## [EXERCISE DETAILS]
Transcribe the line holding "1、丛林地下会有蜂巢,蜂巢中" together with every line after it, through the end of the records, exactly and with no pictures.

======== DATA FOR REVIEW

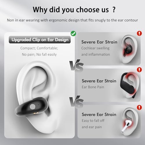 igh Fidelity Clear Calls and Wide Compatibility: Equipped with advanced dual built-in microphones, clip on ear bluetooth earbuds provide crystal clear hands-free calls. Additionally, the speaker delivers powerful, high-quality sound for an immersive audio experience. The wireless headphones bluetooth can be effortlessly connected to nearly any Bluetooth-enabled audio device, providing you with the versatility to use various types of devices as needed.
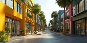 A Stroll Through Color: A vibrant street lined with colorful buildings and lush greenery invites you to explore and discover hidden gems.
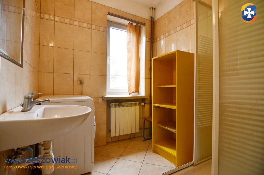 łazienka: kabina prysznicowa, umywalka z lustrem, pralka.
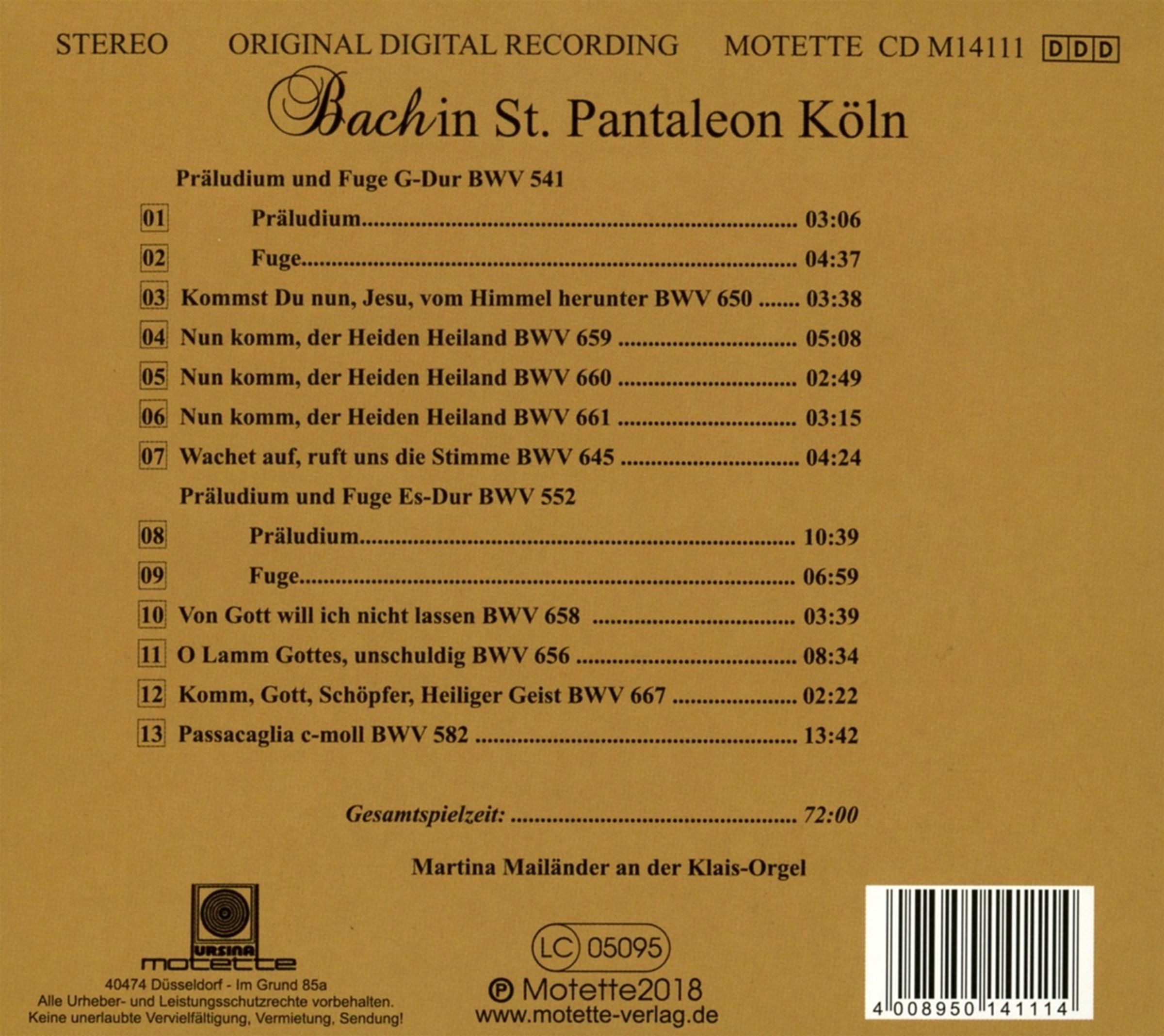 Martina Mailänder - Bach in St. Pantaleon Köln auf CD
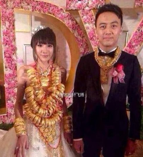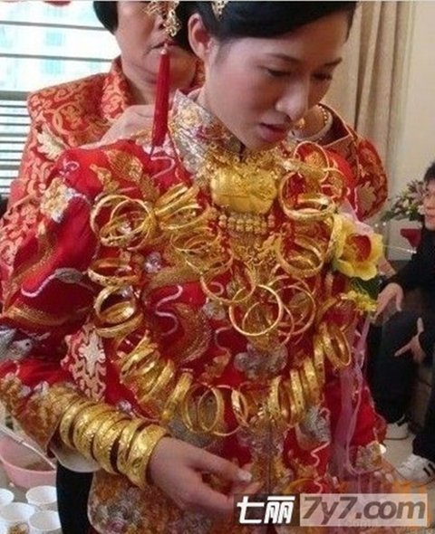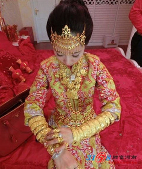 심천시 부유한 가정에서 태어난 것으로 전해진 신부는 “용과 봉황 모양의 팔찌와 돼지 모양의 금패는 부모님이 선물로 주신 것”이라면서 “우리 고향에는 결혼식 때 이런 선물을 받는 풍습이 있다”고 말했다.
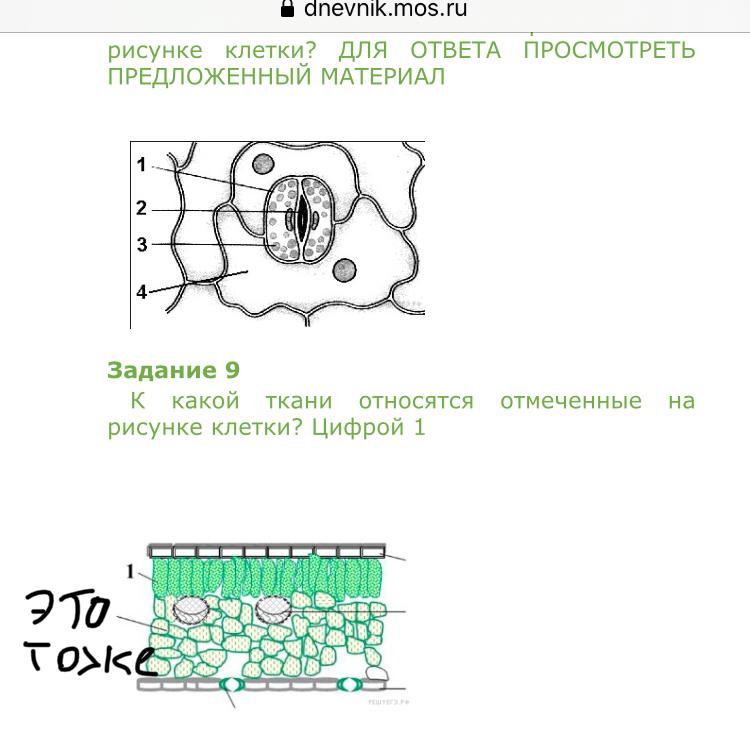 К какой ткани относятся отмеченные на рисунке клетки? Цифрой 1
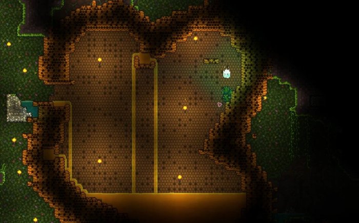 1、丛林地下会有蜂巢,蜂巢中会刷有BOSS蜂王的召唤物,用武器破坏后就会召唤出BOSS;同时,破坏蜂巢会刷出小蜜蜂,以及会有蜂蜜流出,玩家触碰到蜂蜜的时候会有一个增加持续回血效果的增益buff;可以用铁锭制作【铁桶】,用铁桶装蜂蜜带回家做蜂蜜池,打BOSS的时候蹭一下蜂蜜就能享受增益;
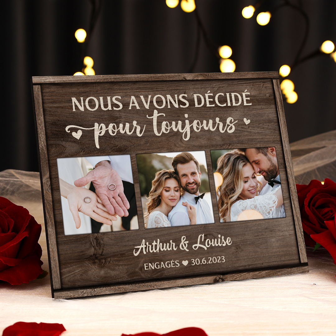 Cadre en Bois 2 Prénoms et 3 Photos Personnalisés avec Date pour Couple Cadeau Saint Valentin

================

## [EXERCISE OUTPUT]
 1、丛林地下会有蜂巢,蜂巢中会刷有BOSS蜂王的召唤物,用武器破坏后就会召唤出BOSS;同时,破坏蜂巢会刷出小蜜蜂,以及会有蜂蜜流出,玩家触碰到蜂蜜的时候会有一个增加持续回血效果的增益buff;可以用铁锭制作【铁桶】,用铁桶装蜂蜜带回家做蜂蜜池,打BOSS的时候蹭一下蜂蜜就能享受增益;
 Cadre en Bois 2 Prénoms et 3 Photos Personnalisés avec Date pour Couple Cadeau Saint Valentin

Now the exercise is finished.